You can now download the entirety of the CIA’s UFO documents
We face dark days that have left us wasting away in a ruin of our own making. Luckily, while you have been busy selfishly devoting your time to developing opinions about the virus that has plagued your species and the climate crisis on your planet, John Greenwald Jr. thought to look up.
Technically speaking, he has been looking up since the ‘80s. Greenwald is the founder of the Black Vault, the internet’s central source for declassified documents. His most recent acquisition is 2,780 pages of UFO-related documents. And you, despite your lack of contribution to the decades it took to uncover them, have access to download them.
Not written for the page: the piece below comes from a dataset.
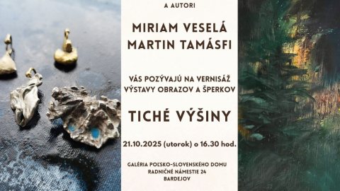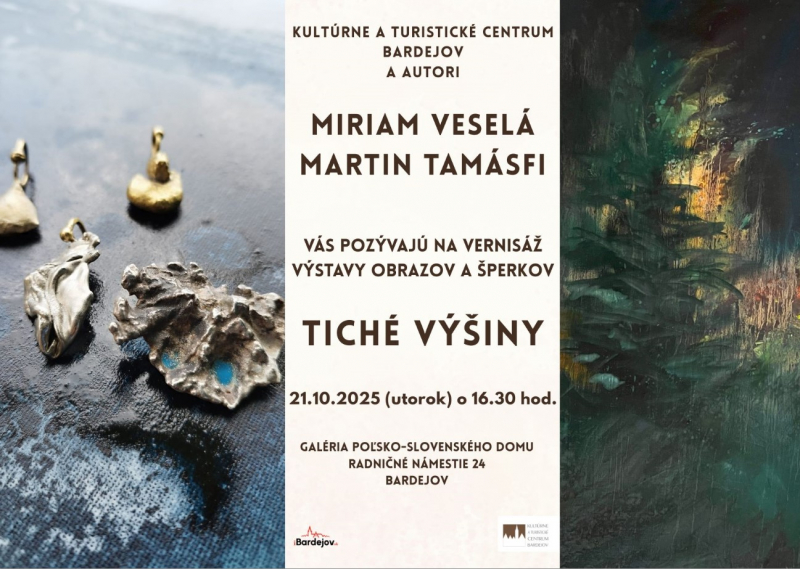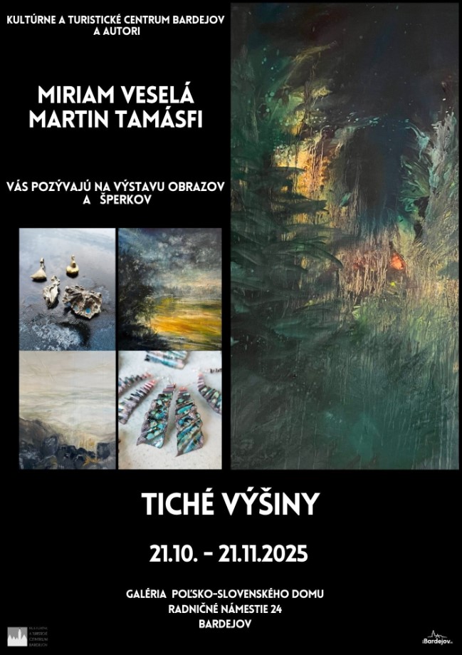 Pozývame vás na výstavu dvoch umelcov Miriam Veselej a Martina Tamásfiho - Tiché výšiny. Vernisáž výstavy sa bude konať v utorok dňa 21.10.2025 o 16:30 hod. v galérii Poľsko-slovenského domu na Radničnom námestí 24 v Bardejove. Výstava potrvá do 21.11.2025. Tešíme sa na vás!

“Around 20 years ago, I had fought for years to get additional UFO records released from the CIA,” Greenwald told Vice. “It was like pulling teeth! I went around and around with them to try and do so, finally achieving it. I received a large box, of a couple of thousand pages, and I had to scan them in one page at a time.”
Their release follows a COVID-19 relief bill that included an ultimatum of sorts: the Pentagon had six months to release all of its information pertaining to UFOs. The collection is supposedly the entirety of the CIA’s documents on this matter, but their swiftness leaves room for speculation. Greenwald is skeptical as there is no way to verify that claim.
The information itself is incredibly difficult to navigate. The CIA might be grossly outdated in technology, but that seems implausible not just because of the inherent purpose of the organization, but also because of their very savvy techno rebrand from earlier this year. More likely, it seems, there is something in those documents they don’t want us to find.
Fortunately, the breads you have been baking and the vlogs that even your mom doesn’t watch can wait. The information, however clunky it may be, is there, and you have the time to use it.